Activity:
Repeat the records exactly, with one exception: no images.

Data in this exercise section start

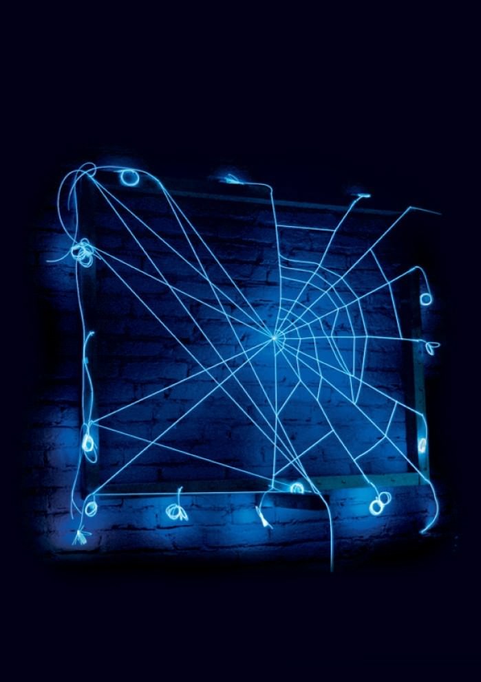 I lavori presentati in galleria nascono dalle riflessioni dell’artista sulle potenzialità creative offerte dall’utilizzo della luce nera, o luce di Wood, modulata sulla struttura della ragnatela, eccezionale esempio in natura di “organizzazione geometrica e architettonica” : da qui nascono i tracciati luminosi , sui quali luce e il buio, abilmente veicolati nello spazio e nei limiti da essi creati, stimolano suggestioni visive sempre nuove.
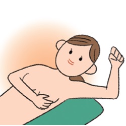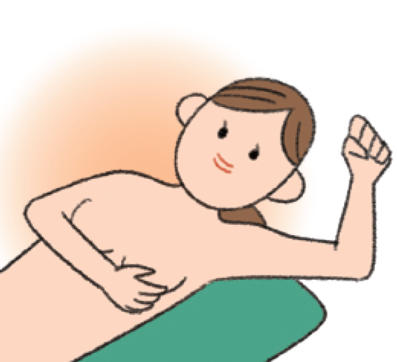 背中の後ろに枕などをあて、体を傾けたとき、乳房が左右にずれないようにし、乳房全体を触ります。
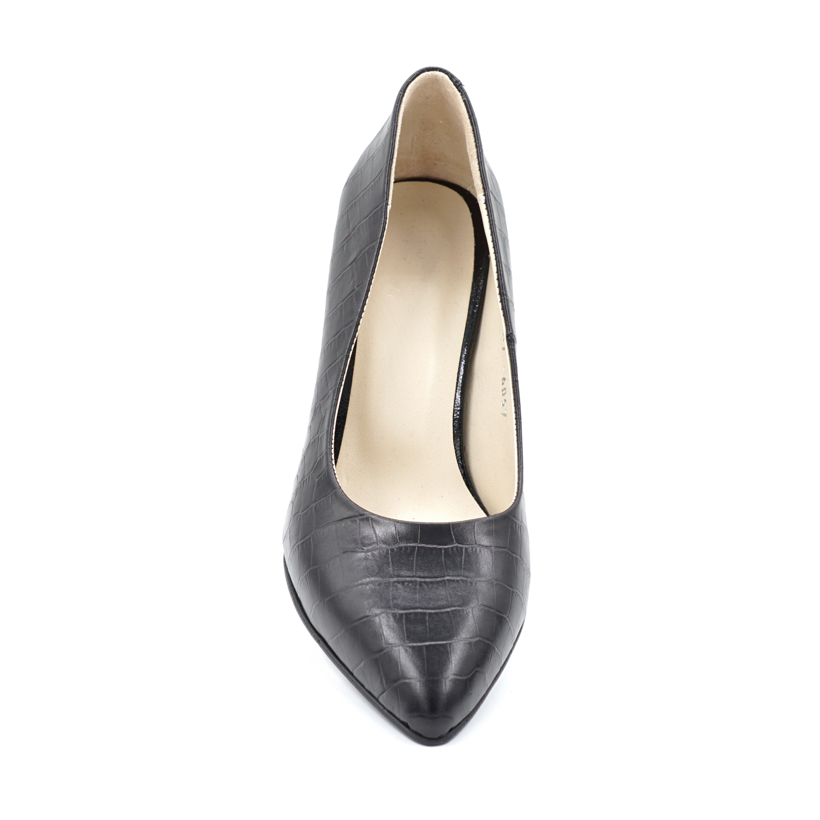 Pantofi dama din piele naturala croco negru mat cu varf ascutit stileto si toc mic gros 6 cm 6057-5-24
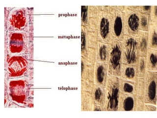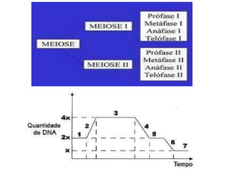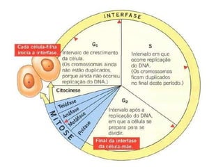 1) O documento descreve as etapas do ciclo celular, mitose e meiose, incluindo a duplicação do DNA, condensação dos cromossomos e divisão das células.
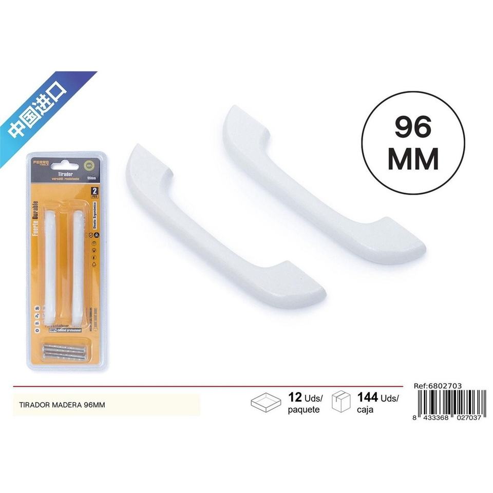 96mm Wooden Handle, 2 pcs, White - Furniture Clearance
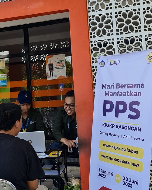Bekerja sama dengan Kantor Pos Kasongan Lama, Kantor Pelayanan, Penyuluhan, dan Konsultasi Perpajakan (KP2KP) Kasongan menggelar Pojok Pajak Program Pengungkapan Sukarela (PPS) di Kantor Pos Kasongan, Kabupaten Katingan, Kalimantan Tengah (Minggu, 19/6). Kegiatan ini bertujuan untuk meningkatkan pemahaman dan minat para wajib pajak untuk berperan serta dalam PPS yang akan berakhir pada 30 Juni 2022.
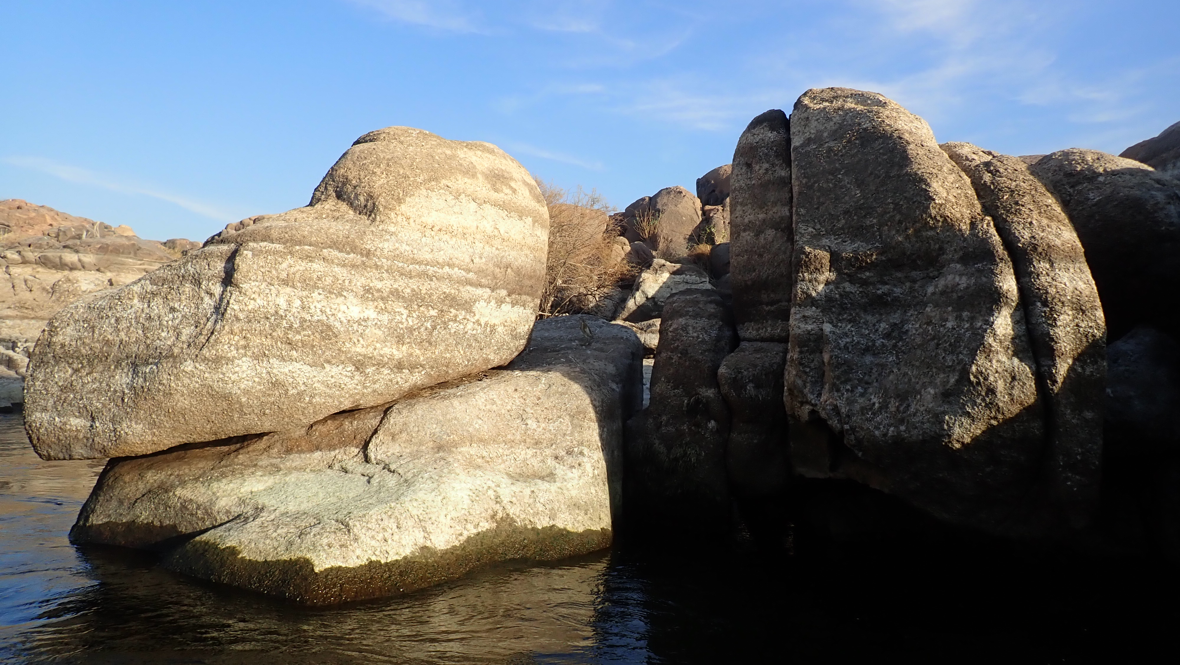 現在のナイルは、川沿いの薄いライン状にしか植生がありません。数メートルから数十メートル内陸に入ればすぐに岩石とサラサラな砂の砂漠になってしまいます。過去の文献や壁画などの記述は残っていないようですが、地質学的にはファラオ時代もこのような乾燥した気候であったことがわかっています。

Data in this exercise section end

Output of the exercise:
 I lavori presentati in galleria nascono dalle riflessioni dell’artista sulle potenzialità creative offerte dall’utilizzo della luce nera, o luce di Wood, modulata sulla struttura della ragnatela, eccezionale esempio in natura di “organizzazione geometrica e architettonica” : da qui nascono i tracciati luminosi , sui quali luce e il buio, abilmente veicolati nello spazio e nei limiti da essi creati, stimolano suggestioni visive sempre nuove.
 背中の後ろに枕などをあて、体を傾けたとき、乳房が左右にずれないようにし、乳房全体を触ります。
 Pantofi dama din piele naturala croco negru mat cu varf ascutit stileto si toc mic gros 6 cm 6057-5-24
 1) O documento descreve as etapas do ciclo celular, mitose e meiose, incluindo a duplicação do DNA, condensação dos cromossomos e divisão das células.
 96mm Wooden Handle, 2 pcs, White - Furniture Clearance
Bekerja sama dengan Kantor Pos Kasongan Lama, Kantor Pelayanan, Penyuluhan, dan Konsultasi Perpajakan (KP2KP) Kasongan menggelar Pojok Pajak Program Pengungkapan Sukarela (PPS) di Kantor Pos Kasongan, Kabupaten Katingan, Kalimantan Tengah (Minggu, 19/6). Kegiatan ini bertujuan untuk meningkatkan pemahaman dan minat para wajib pajak untuk berperan serta dalam PPS yang akan berakhir pada 30 Juni 2022.
 現在のナイルは、川沿いの薄いライン状にしか植生がありません。数メートルから数十メートル内陸に入ればすぐに岩石とサラサラな砂の砂漠になってしまいます。過去の文献や壁画などの記述は残っていないようですが、地質学的にはファラオ時代もこのような乾燥した気候であったことがわかっています。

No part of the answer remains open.